L’interazione fra un corpo vivente e l’ambiente si complica nell’uomo
che ha un mondo (un tema le cui origini heideggeriane sono notorie),
rispetto al quale si pone in modo riflessivo, “vissuto”, decentrato (cioè
sospendibile e assoggettabile a riflessione, non vincolato allo schema
stimolo–reazione). L’uomo non si accontenta dell’organizzazione dei
dati sensoriali ma si interroga sulla loro molteplicità, si chiede il senso
dell’esperienza, se ne configura alternative possibili. L’eccentricità del
comportamento rispetto al mero adattamento biologica garantisce
sempre un’apertura al mondo. I sensi lo incorporano, mantenendo
però la distinzione fra essere un corpo e avere un corpo, da cui ci si
può anche staccare ekstaticamente. In questo è molto vicino alla metodologia pluralista di Aristotele, al suo prendere in considerazione
tanto la specificità dei sensi quanto la loro unità positiva. Rileggere in
tal modo tutta la problematica dei sensibili propri e comuni e il ruolo del senso comune (forse con le precisazioni su cui prima mi sono
dilungato) costituisce senz’altro una utile e originale proposta interpretativa — ben s’intende, lasciando allo Stagirita, senza sovrapposizioni anacronistiche, tutto il suo.
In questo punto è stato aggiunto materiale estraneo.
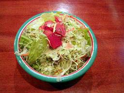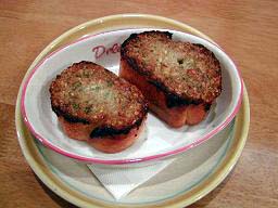 緑のサラダ、ミラノ風のジャガイモ、オリーヴオイルがこってり浸みた ニンニクパン。
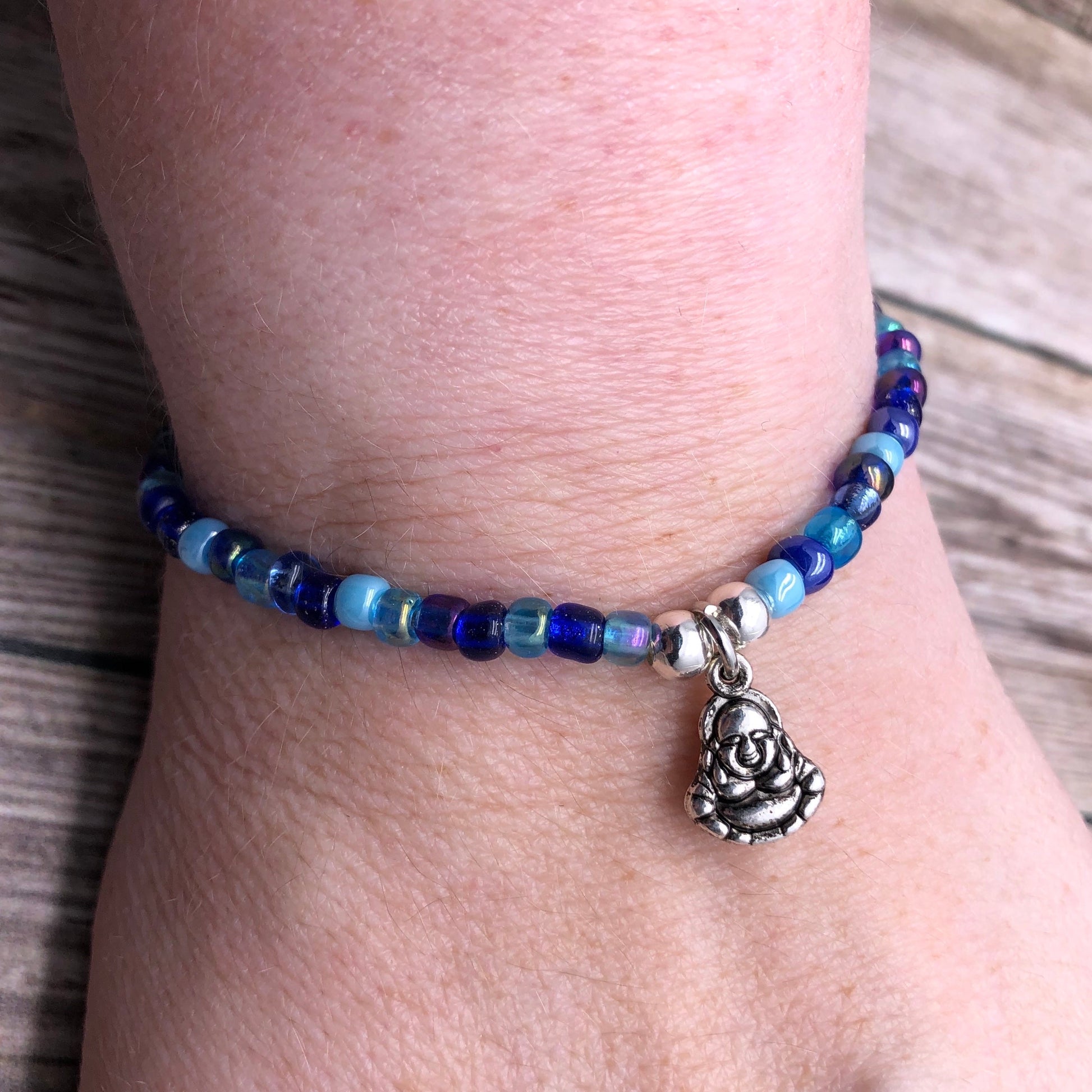 Dainty and delicate little charm bracelet with a cute silver tone Buddha charm and 4mm glass seed beads, on strong elastic thread. Perfect thoughtful little gift!
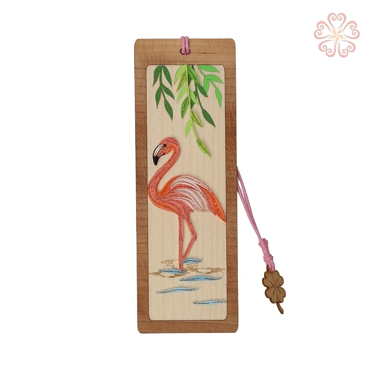Bookmark giấy xoắn - hồng hạc - size 13.5 x 5.3 cm
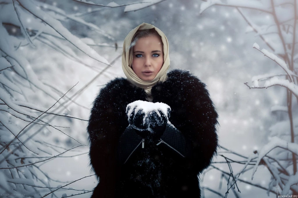snow on the ground and the trees around her indicate that it is likely late autumn or winter. The mood of the picture seems quiet and introspective.
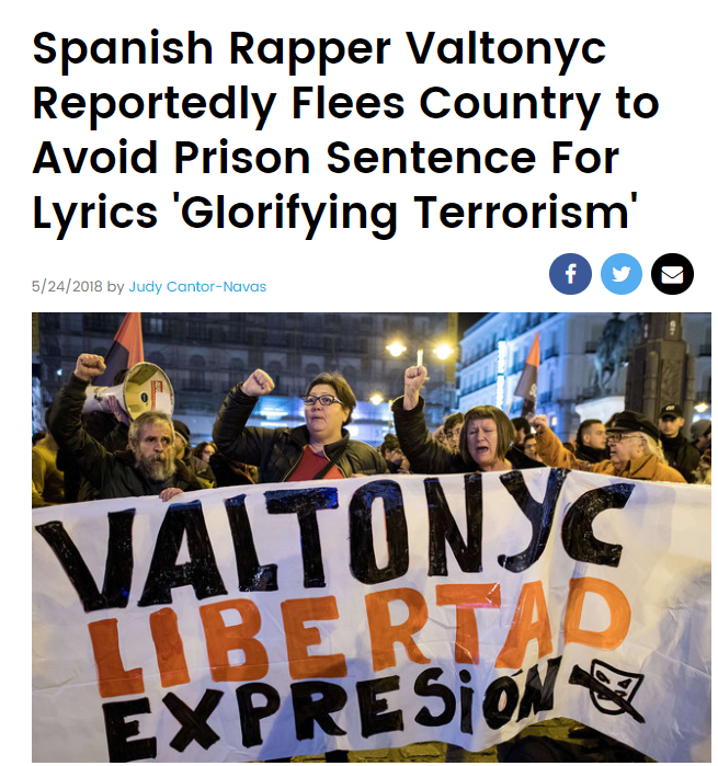 Segons Billboard, les acusacions s'han formulat en virtud d'una llei espanyola del 2015 (la llei mordassa) que limita la llibertat d'expressió, prohibeix les reunions massives i imposa multes per protestar i "fer determinats comentaris als mitjans de comunicació social".

Non a caso, Lamedica, riprendendo
il tema del V capitolo, anche in relazione alle interpretazioni di Grasso
e Zanatta, conclude che «Aristotele [...] arriva a ricostruire la facoltà di
senso come una “rete integrata”, come un vero e proprio “apparato”,
in cui ciascun senso ha un margine di operatività proprio, ma anche —
in ragione della comune appartenenza ad un apparato proprio di un
“organismo vivente” e, quindi, anche “senziente” — un suo ruolo da
giocare “all’interno” della rete integrata e “in favore” della stessa rete,
in quanto la facoltà va sempre considerata come “facoltà generale”,
non cumulo di sensi distinti. Tutto ciò potrebbe essere interpretato
nel senso di quella “unità positiva” dei sensi, quella “unità stessa come
molteplicità” di cui parla Plessner». Ma anche di quella coscienza–rete
incorporata, di cui si è sopra discusso.